With its billions in endowment and its prestigious name, Notre Dame ought to be in the lead here. But when asked for examples illuminating the university's unambiguous support for unborn life, Mr. Brown could provide only four: help for pregnant students who want to carry their babies to term, student volunteer work for pregnant women at local shelters, prayer mentions at campus Masses, and lectures such as a seminar on life issues.

These are all well and good, but they also highlight the poverty of Notre Dame's institutional witness. At Notre Dame today, there is no pro-life organization -- in size, in funding, in prestige -- that compares with the many centers, institutes and so forth dedicated to other important issues ranging from peace and justice to protecting the environment. Perhaps this explains why a number of pro-life professors tell me they must not be quoted by name, lest they face career retaliation.

The one institute that does put the culture of life at the heart of its work, moreover -- the Center for Ethics and Culture -- doesn't even merit a link under the "Faith and Service" section on the university's Web site. The point is this: When Notre Dame doesn't dress for the game, the field is left to those like Randall Terry who create a spectacle and declare their contempt for civil and respectful witness.

In the National Portrait Gallery of the Smithsonian, there is a wonderful photograph of Father Ted Hesburgh -- then Notre Dame president -- linking hands with Martin Luther King Jr. at a 1964 civil-rights rally at Chicago's Soldier Field. Today, nearly four decades and 50 million abortions after Roe v. Wade, there is no photograph of similar prominence of any Notre Dame president taking a lead at any of the annual marches for life.

Father Jenkins is right: That's not ambiguity. That's a statement.
(emphasis and editorial commentary added)


UPDATE (20 May)
Steve Skojec has more on Notre Dame's purported "commitment" to the Church's pro-life teaching:

... We all agreed that it would add value to track the marchers as they journeyed across country. John Carroll High School of Birmingham, Ala., readily agreed to let us put a camera on one of its busses as did Missouri Right To Life, a non-denominational group out of St.. Louis.

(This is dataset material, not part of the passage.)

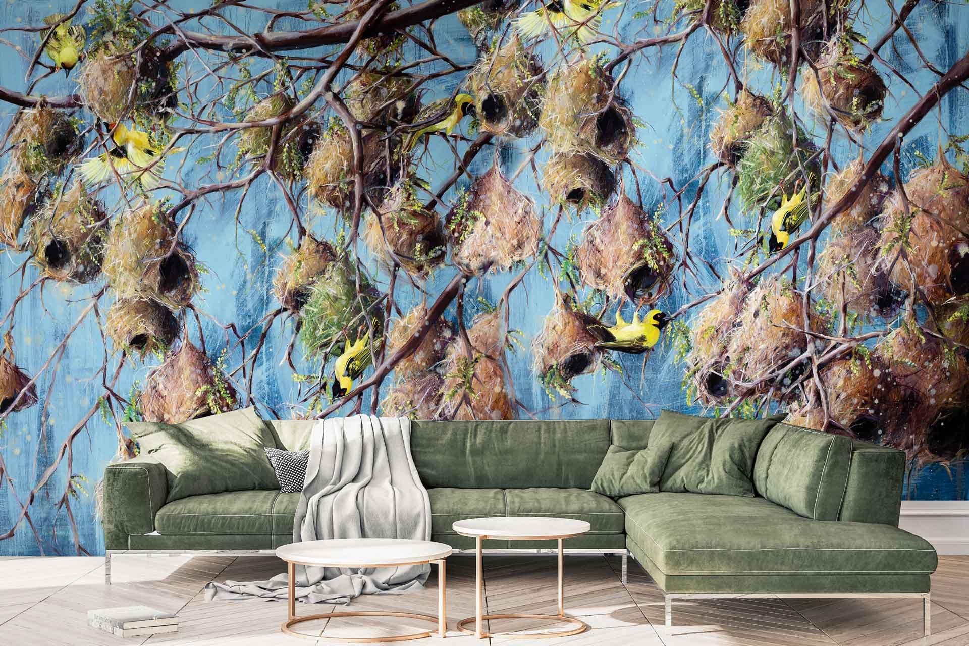 Vibrant floral and bird wallpaper featuring colorful flowers and birds in lively patterns, with bold hues of pink, green, blue, and yellow creating a dynamic focal point in the room.

We wanted a college group as well. Sanborn had contacts at Notre Dame University, and they too seemed eager to participate. Given Notre Dame’s status as the iconic Catholic university, we all thought the university’s participation a good idea.

As the Jan. 22 date approached, however, Sanborn started getting mixed signals out of Notre Dame. The administration was proving as unhelpful as his contacts had been helpful.

***
When I asked Sanborn whether the resistance was just routine boilerplate or active obstruction, he said obstruction. As far as he could tell, the Notre Dame administration did not want our camera on the bus.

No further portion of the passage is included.